Между двумя лощинами протянулась длинная и широкая скалистая терраса, чьи расщелины заросли тимьяном, можжевельником и розмарином. Укрытая от мистраля высокой голубоватой грядой, поддерживающей плоскогорье, лежащее выше, терраса завершалась крутым обрывом, под которым, пятьюдесятью метрами ниже, раскинулась цветущая долина – с этой стороны добраться до террасы было невозможно, к ней вели лишь тропы, пролегшие по впадинам и оврагам, с другой стороны.
На террасе росла очень старая рябина, не иначе пустившая некогда корни в какую-нибудь невидимую расселину. Изувеченная молнией, ощетинившаяся своими культями и похожая на насест для попугая, она протягивала свою единственную уцелевшую длинную ветвь в зеленых листьях над плоской и гладкой, как зеркало, поверхностью скалы.
С противоположной стороны на стволе рябины был огромный нарост в виде горба. Манон любила это дерево, потому что однажды, скашивая траву для кроликов, отец, издалека увидев его, весело воскликнул:
– Смотри-ка! А вот и собрат, которого Небо не пощадило, но он не утратил присутствия духа, и его единственная ветвь храбро зеленеет! Пойдем навестим его и поприветствуем.
Они поднялись на террасу, подошли к рябине, и горбун в шутку отвесил ей поклон, затем они набрали в сумки ягод рябины… А когда уходили, он бросил на дерево последний взгляд и со смехом проговорил:
– Ну прямо моя статуя, выполненная в дереве!
Манон часами не покидала ровную поверхность скалы. Не упуская из виду своих коз, которым собака Бику не позволяла забираться слишком далеко, она подкрепляла силы хлебом и сыром, долго расчесывала волосы и читала все подряд: «Робинзона Крузо», «Максимы» Ларошфуко, «Приключения парижского мальчишки», «Грамматику» Брюно, «Илиаду» и иллюстрированные газеты своего детства.

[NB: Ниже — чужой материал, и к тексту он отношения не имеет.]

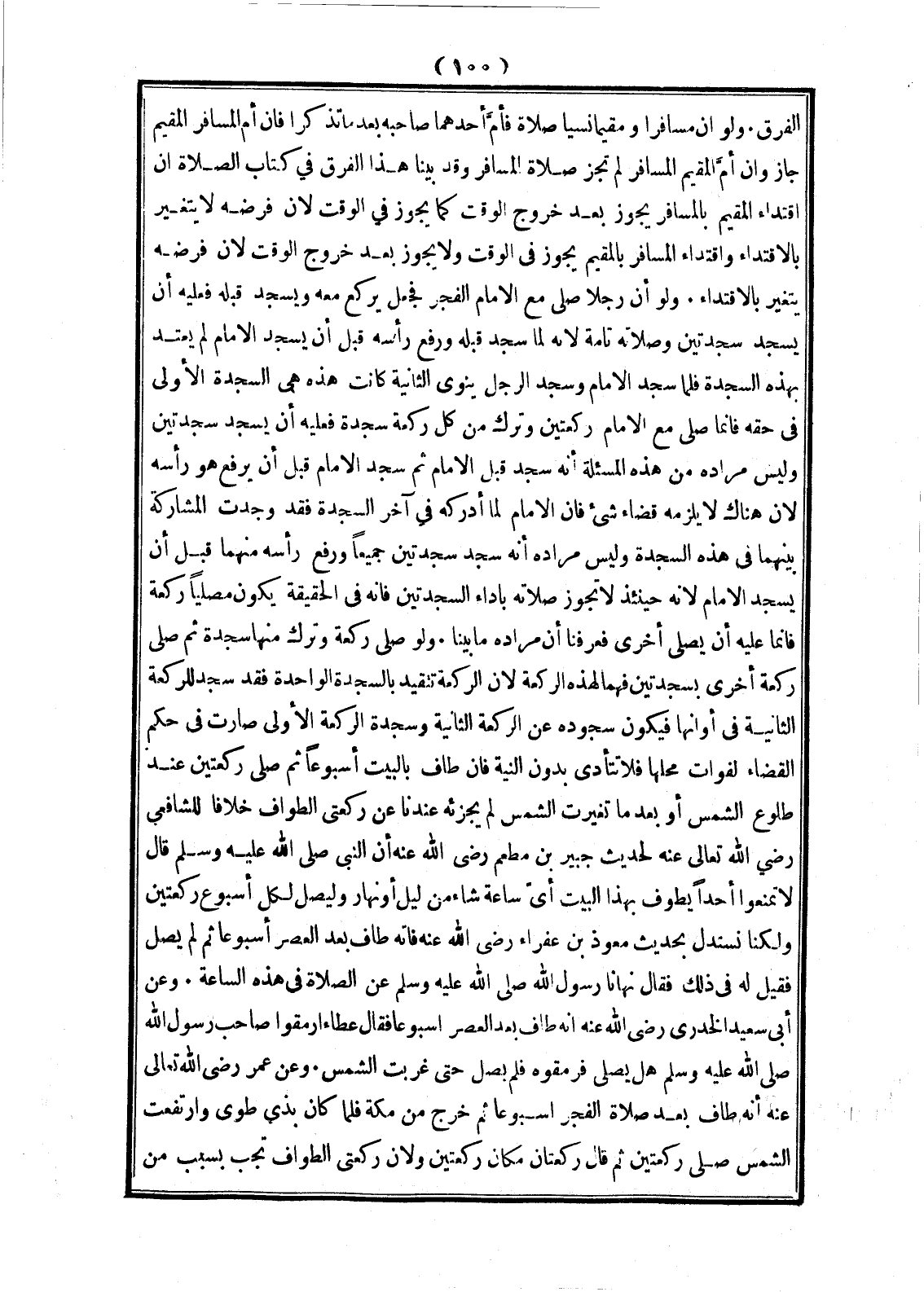 فَإِنْ طَافَ بِالْبَيْتِ أُسْبُوعًا ثُمَّ صَلَّى رَكْعَتَيْنِ عِنْدَ طُلُوعِ الشَّمْسِ أَوْ بَعْدَمَا تَغَيَّرَتْ الشَّمْسُ لَمْ يُجْزِئْهُ عِنْدَنَا عَنْ رَكْعَتَيْ الطَّوَافِ خِلَافًا لِلشَّافِعِيِّ - رَضِيَ اللَّهُ تَعَالَى عَنْهُ - لِحَدِيثِ جُبَيْرِ بْنِ مُطْعِمٍ - رَضِيَ اللَّهُ عَنْهُ - أَنَّ النَّبِيَّ - صَلَّى اللَّهُ عَلَيْهِ وَسَلَّمَ - قَالَ: «لَا تَمْنَعُوا أَحَدًا يَطُوفُ بِهَذَا الْبَيْتِ أَيَّ سَاعَةٍ شَاءَ مِنْ لَيْلٍ أَوْ نَهَارٍ وَلْيُصَلِّ لِكُلِّ أُسْبُوعٍ رَكْعَتَيْنِ» وَلَكِنَّا نَسْتَدِلُّ بِحَدِيثِ «مُعَوِّذِ ابْنِ عَفْرَاءَ - رَضِيَ اللَّهُ عَنْهُ - فَإِنَّهُ طَافَ بَعْدَ الْعَصْرِ أُسْبُوعًا ثُمَّ لَمْ يُصَلِّ فَقِيلَ لَهُ فِي ذَلِكَ فَقَالَ: نَهَانَا رَسُولُ اللَّهِ - صَلَّى اللَّهُ عَلَيْهِ وَسَلَّمَ - عَنْ الصَّلَاةِ فِي هَذِهِ السَّاعَةِ» وَعَنْ أَبِي سَعِيدٍ الْخُدْرِيِّ - رَضِيَ اللَّهُ عَنْهُ - أَنَّهُ طَافَ بَعْدَ الْعَصْرِ أُسْبُوعًا فَقَالَ: عَطَاءٌ: اُرْمُقُوا صَاحِبَ رَسُولِ اللَّهِ - صَلَّى اللَّهُ عَلَيْهِ وَسَلَّمَ - هَلْ يُصَلِّي؟ فَرَمَقُوهُ فَلَمْ يُصَلِّ حَتَّى غَرَبَتْ الشَّمْسُ وَعَنْ عُمَرَ - رَضِيَ اللَّهُ تَعَالَى عَنْهُ - أَنَّهُ طَافَ بَعْدَ صَلَاةِ الْفَجْرِ أُسْبُوعًا ثُمَّ خَرَجَ مِنْ مَكَّةَ فَلَمَّا كَانَ بِذِي طُوًى وَارْتَفَعَتْ الشَّمْسُ صَلَّى رَكْعَتَيْنِ ثُمَّ قَالَ: رَكْعَتَانِ مَكَانُ رَكْعَتَيْنِ؛ وَلِأَنَّ رَكْعَتَيْ الطَّوَافِ تَجِبُ بِسَبَبٍ مِنْ

На полях, на форзаце книг иногда попадались отметки, сделанные отцовской рукой; она целовала дорогие знаки и вглядывалась в далекий суровый хребет Святого Духа, этот риф – потрошитель облаков, который лишил всего дорогое ей существо.
За эти годы она ни разу не возвращалась в Розмарины, но мысленно то и дело была там; она бралась за губную гармошку – ту, что побольше, отцовскую, – и исполняла мелодии, которым ее обучил отец… Нередко это была мелодия «Братец Яков», бросаемая ею по направлению горловины Па-дю-Лу. Когда расстояние и ветер благоприятствовали тому, эхо отвечало ей настолько точно, что можно было поверить: дело и впрямь не обходится без человеческого присутствия. Закрыв глаза, она воображала, что отец спрятался в завесе из плюща там, внизу, и радуется тому, как она стала играть.
С высоты своей наблюдательной площадки она провожала взглядом редких пешеходов, чей путь лежал через холмы; спрятавшись в зарослях дрока либо взобравшись на плоскогорье по Козьему лазу, наблюдала – причем ее видеть никто не мог – за браконьерами из Ле-Зомбре, чьих имен не знала, или за жителями Бастид, такими как Памфилий или Казимир, с которыми познакомилась, когда умер отец, а иногда, правда довольно редко, ей доводилось разглядеть охотников в кожаных гамашах и с пером на шляпе, державших на поводке длинноухих собак. Охотники были красивы, но опасны, поскольку их собаки попадали в ловушки, поставленные на кроликов, а сами охотники стреляли дуплетом по какой-нибудь мухоловке или залпом по певчему дрозду, производя такой немыслимый грохот, что после их охоты дичь исчезала на неделю.
Городом для нее была Обань. Она наведывалась туда почти каждую неделю, из скромности облачившись в суконный плащ отца и повязав голову синей косынкой. За ней следовала ослица с огромным, но вовсе не тяжелым тюком, наполненным пряными травами, которые она собирала для продавца лекарственных растений, или плетеными корзинами из тростника.